How to complete this task:
Copy each record below exactly, please, and leave its pictures out.

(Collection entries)
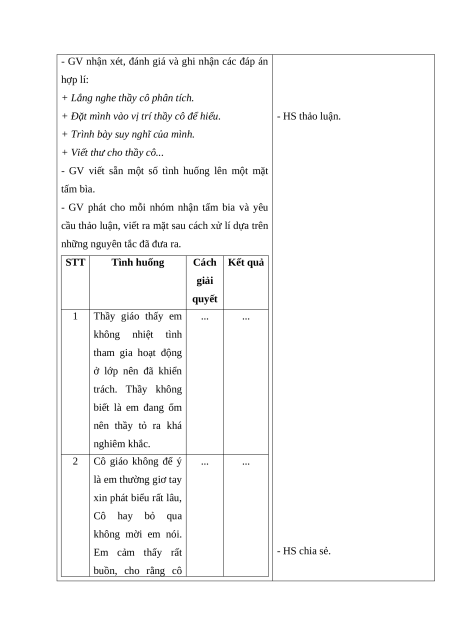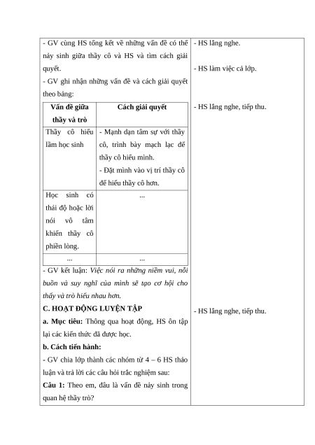 độc lập hay theo nhóm; Trao đổi tích cực với giáo viên và các bạn khác trong lớp.
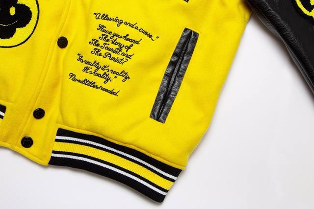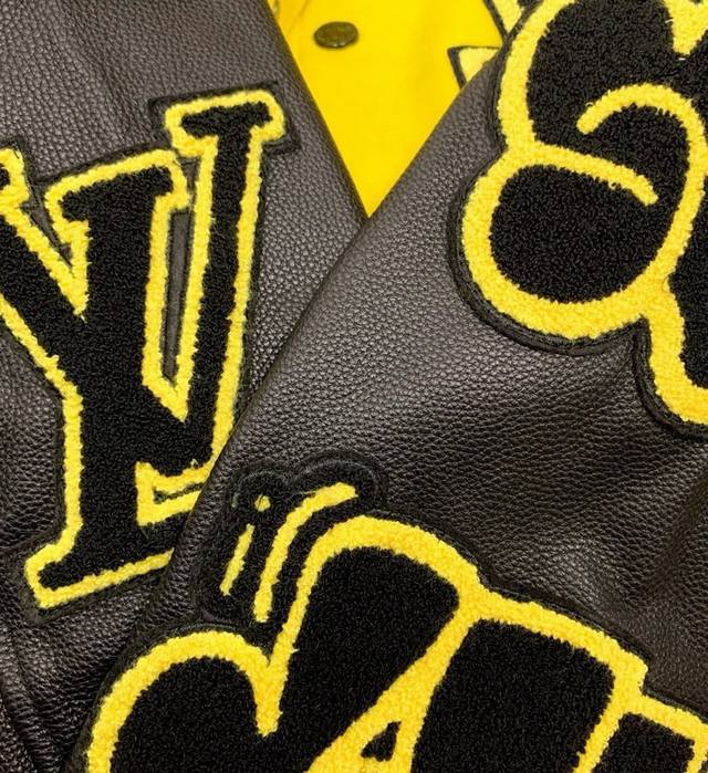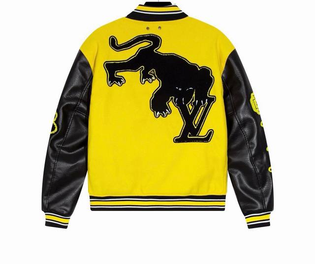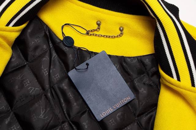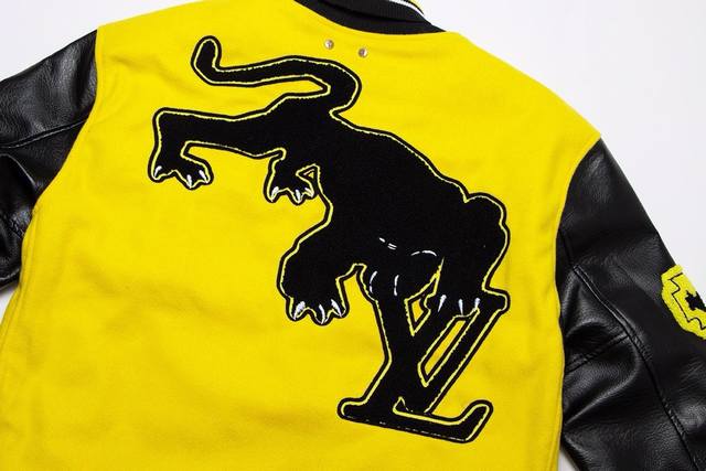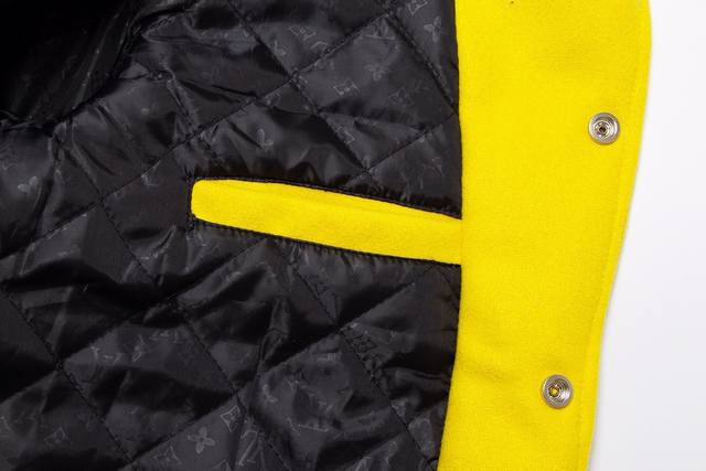 A high-quality, high-weight, and currency-neutral Louis Vuitton Ss early spring runway-inspired yellow and black baseball jacket. After a month of ordering the original model and making the mold, it's finally shipping! I absolutely love the lucky yellow colorway, and it looks so cool on me. A Douyin blogger claims this year's new black and yellow colorway will become a future trend. A quick look at street style reveals celebrities wearing this jacket as a collectible, a must-have for men and women who embrace the luxury lifestyle. Developing the highest-quality version online took a month. Made from custom-made pure wool and lambskin, each piece weighs a whopping 900 grams, with a wool content of 90% and cotton and 10% nylon. The high cost of this custom-woven wool jacquard ribbed fabric is made on imported German flat-knitting machines, ensuring it retains its shape, color, and pilling. The top-grain imported lambskin features a wrinkled, textured finish, and meticulously hand-cut, with meticulous attention to detail. The beauty of the entire garment hinges on this area, ensuring the highest level of craftsmanship and attention to detail. A full set of custom-made accessories, buttons are identical to the original, the mold is as high as five digits, and the letters are clear and perfectly restored without any difference. One piece is perfect! High-end and classy! The entire garment is all custom-made with heavy craftsmanship, with towel appliqu
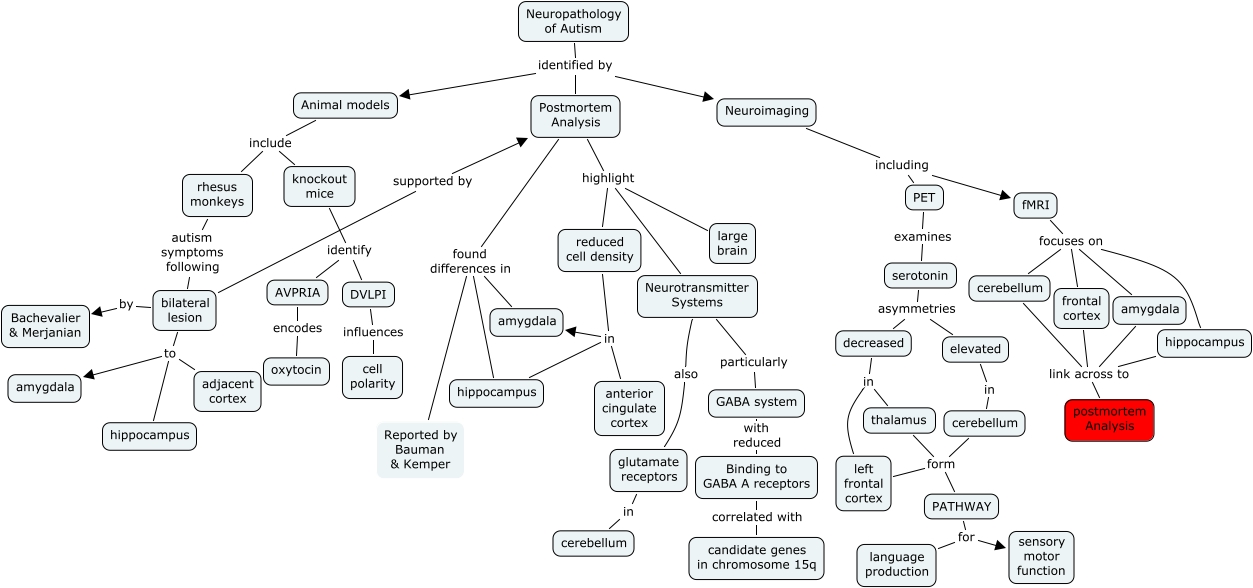 Autism Brain - JDN Rev, glutamate receptors in cerebellum, reduced cell density in amygdala, Reported by Bauman & Kemper found differences in hippocampus, frontal cortex link across to postmortem Analysis, PET examines serotonin, PATHWAY for sensory motor function, fMRI focuses on amygdala, cerebellum link across to postmortem Analysis, bilateral lesion to amygdala, reduced cell density in hippocampus
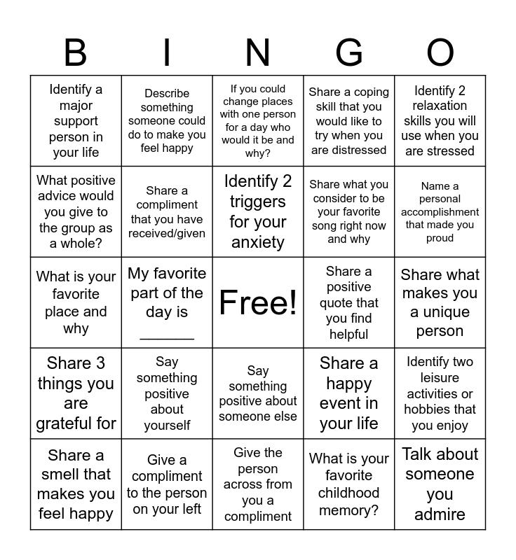 This bingo card has a free space and 24 words: Say something positive about yourself, Give a compliment to the person on your left, Identify 2 triggers for your anxiety, Share a smell that makes you feel happy, Identify 2 relaxation skills you will use when you are stressed, Identify a major support person in your life, What positive advice would you give to the group as a whole?, Describe something someone could do to make you feel happy, Share a positive quote that you find helpful, Say something positive about someone else, Share what you consider to be your favorite song right now and why, What is your favorite place and why, Share a happy event in your life, Identify two leisure activities or hobbies that you enjoy, Share a compliment that you have received/given, What is your favorite childhood memory?, Share what makes you a unique person, If you could change places with one person for a day who would it be and why?, Name a personal accomplishment that made you proud, My favorite part of the day is ______, Talk about someone you admire, Share 3 things you are grateful for, Share a coping skill that you would like to try when you are distressed and Give the person across from you a compliment.
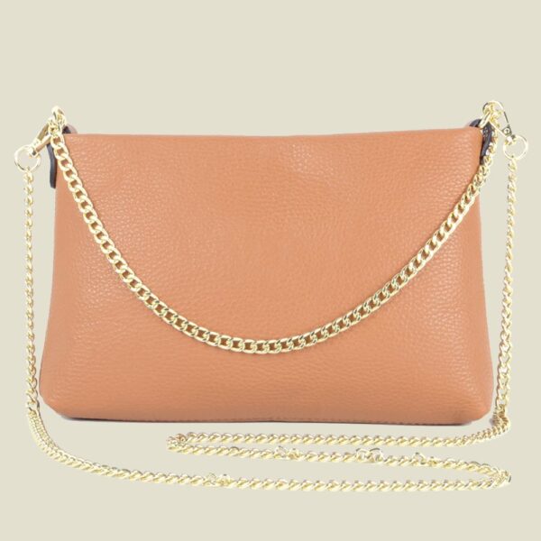 Mooie lederen schoudertas met een gouden ketting detail aan de voorkant.
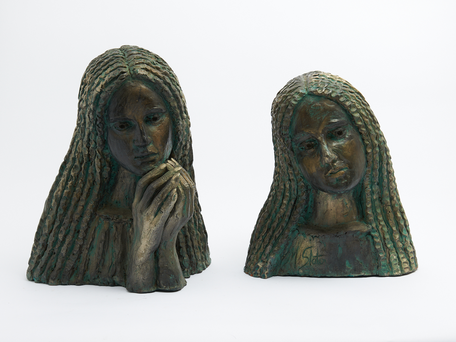 A PAIR OF SIGNED RETRO AUSTRALIAN GLAZED TERACOTTA FIGURAL BUSTS H.45CM (TALLEST), LEONARD JOEL DELIVERY SIZE: X-LARGE

Solution for this problem:
 độc lập hay theo nhóm; Trao đổi tích cực với giáo viên và các bạn khác trong lớp.
 A high-quality, high-weight, and currency-neutral Louis Vuitton Ss early spring runway-inspired yellow and black baseball jacket. After a month of ordering the original model and making the mold, it's finally shipping! I absolutely love the lucky yellow colorway, and it looks so cool on me. A Douyin blogger claims this year's new black and yellow colorway will become a future trend. A quick look at street style reveals celebrities wearing this jacket as a collectible, a must-have for men and women who embrace the luxury lifestyle. Developing the highest-quality version online took a month. Made from custom-made pure wool and lambskin, each piece weighs a whopping 900 grams, with a wool content of 90% and cotton and 10% nylon. The high cost of this custom-woven wool jacquard ribbed fabric is made on imported German flat-knitting machines, ensuring it retains its shape, color, and pilling. The top-grain imported lambskin features a wrinkled, textured finish, and meticulously hand-cut, with meticulous attention to detail. The beauty of the entire garment hinges on this area, ensuring the highest level of craftsmanship and attention to detail. A full set of custom-made accessories, buttons are identical to the original, the mold is as high as five digits, and the letters are clear and perfectly restored without any difference. One piece is perfect! High-end and classy! The entire garment is all custom-made with heavy craftsmanship, with towel appliqu
 Autism Brain - JDN Rev, glutamate receptors in cerebellum, reduced cell density in amygdala, Reported by Bauman & Kemper found differences in hippocampus, frontal cortex link across to postmortem Analysis, PET examines serotonin, PATHWAY for sensory motor function, fMRI focuses on amygdala, cerebellum link across to postmortem Analysis, bilateral lesion to amygdala, reduced cell density in hippocampus
 This bingo card has a free space and 24 words: Say something positive about yourself, Give a compliment to the person on your left, Identify 2 triggers for your anxiety, Share a smell that makes you feel happy, Identify 2 relaxation skills you will use when you are stressed, Identify a major support person in your life, What positive advice would you give to the group as a whole?, Describe something someone could do to make you feel happy, Share a positive quote that you find helpful, Say something positive about someone else, Share what you consider to be your favorite song right now and why, What is your favorite place and why, Share a happy event in your life, Identify two leisure activities or hobbies that you enjoy, Share a compliment that you have received/given, What is your favorite childhood memory?, Share what makes you a unique person, If you could change places with one person for a day who would it be and why?, Name a personal accomplishment that made you proud, My favorite part of the day is ______, Talk about someone you admire, Share 3 things you are grateful for, Share a coping skill that you would like to try when you are distressed and Give the person across from you a compliment.
 Mooie lederen schoudertas met een gouden ketting detail aan de voorkant.
 A PAIR OF SIGNED RETRO AUSTRALIAN GLAZED TERACOTTA FIGURAL BUSTS H.45CM (TALLEST), LEONARD JOEL DELIVERY SIZE: X-LARGE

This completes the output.